Treadmill. Basically includes most everything you would need… motor, controller, power supply, wiring. All you would need to do is figure a way to mount it and put on an appropriate pulley. You can find them for free or really cheap almost every day on CL. I've grabbed 6 in the last year for free. Two were in such fantastic condition that I couldn't bring myself to tear them it apart, so gave one away to a family member, and kept one for the wife ;-)

Cheers,
Brad


----------



## wormil (Nov 19, 2011)

At least one LJ has converted Reeves to DC but I can't remember who.


----------



## pottz (Sep 15, 2015)

> Bob I could say
> 
> Sell it, a great machine in the wrong hands.
> 
> ...


dont let this guy scare ya he was a former gypsy him self-lol.no really hes a great guy and a good buddy and will help you in many ways.welcome to lumber jocks.


----------



## Bobholmes33 (Dec 15, 2017)

Figured out a salutation it cost about $120 bu was able to keep my grandfather's lathe going! Thank you all for your help!


----------



## bbasiaga (Dec 8, 2012)

Glad to hear. What did you Do?


----------



## Bobholmes33 (Dec 15, 2017)

I ordered parts for a Jet Lathe they were a little small. Had them machined out just a bit and now it works like a top.

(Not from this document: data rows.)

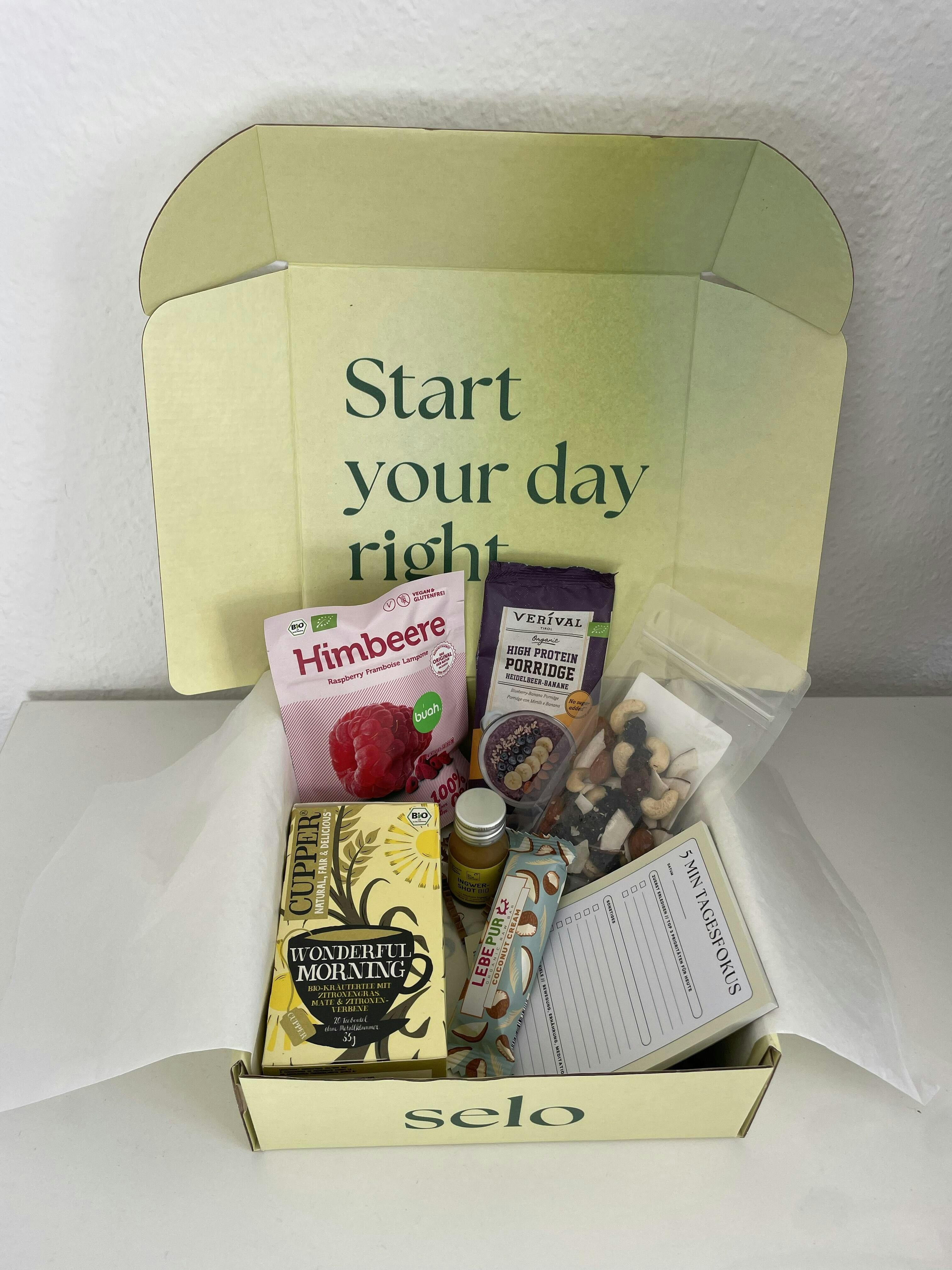 Die Morning-Box kombiniert verschiedene Produkte (u.a. Snacks, Drinks, Supplements) zu einem ganzheitlichen Konzept, das dich perfekt in den Tag starten lässt.
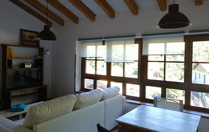 En el salón hay además un sofá cama para una tercera persona. Cada apartamento tiene una amplia terraza y un pequeño jardín de uso particular con hermosas vistas, con entrada y zonas exteriores independientes.
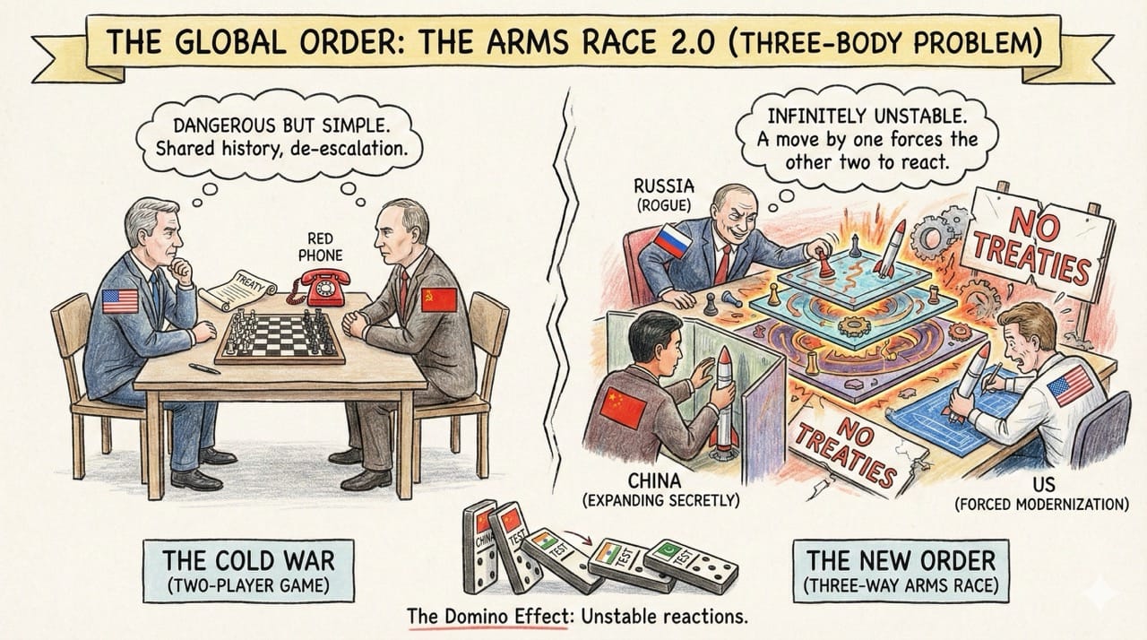 This is infinitely more unstable. There are no treaties governing this triad. A move by one forces the other two to react. If China tests, India will feel compelled to test. If India tests, Pakistan tests. The dominoes are lined up.

Took a risk but happy i did.


----------



## Jryanbarker2000 (Jun 29, 2018)

So I know I am way late to this party! However I had the same thing happen to my lathe. Some where I fell into a grizzly manual and found that this is very similar.

https://cdn0.grizzly.com/manuals/g1067_m.pdf

I had to have the pulley milled down a little to fit inside the housing but it did fit the shaft and is up and running. Hope it helps.

Ryan


----------



## PeteStaehling (May 3, 2015)

Do you have the broken pieces? A good welder may be able to weld the part back together. I used to know a talented guy who retired early from a job at a defense research lab and ran a little welding business when he wasn't hunting or fishing. He fixed a lot of racing motorcycle parts for me and for the ultralight aircrafts guys in the area. He even filled in missing areas with weld material. Sometimes the parts required a little filing or even machining, but none ever failed at his repair. Prices were reasonable. If you can find someone like him they would probably fix you up.


----------



## helluvawreck (Jul 21, 2010)

There are two machine shops in my town that fix things like this all the time. More than likely they could order a set of pulleys which may need just some fitting. In stead of a variable speed pulley they could also fit a set of step pulleys which may be fine. My brother and I used to have a moulding plant and I had a machine shop in the plant. I use to buy all kinds of old machines and machine parts. I modified and built special machines. If your town has around 10,000 people I can almost guarantee that you have such a machine shop. Maybe even several shops. Good luck. If you ever find a similar model lathe that is cheap you may want to buy it for parts just to have it for the parts.


----------



## anneb3 (Feb 23, 2014)

this is a guess but try Shopsmith, they use one, it may be the wrong size but worth a try.
I have a Shopsmith and used properly it works just fine


----------



## highmileranger (Feb 21, 2019)

I know this is an old thread but I have the AMT 5300 and needed a new reeves drive. I found that the jet JWL1236 is virtually the same lathe. I got a reeves drive from from ToolPartsDirect https://www.toolpartsdirect.com/jet-jwl-1236-12-x-36-woodworking-lathe.html The reeves pully for the motor was a perfect fit. The pully for the main shaft was a bit tight. A little work was needed with emory cloth to work the shaft down a little. I took off about 1 thousands inch off of the shaft so the inner sliding pully would slide when changing speeds on the lathe. It now works very well. The new parts are made from die cast zaymak but are beefier that the originals. hope this helps anybody looking for parts for the AMT 5300.


----------



## jacksdvds (Jun 13, 2015)

Measure the diameter and shaft. Looks like a Grizzly g0462 part would fit.


----------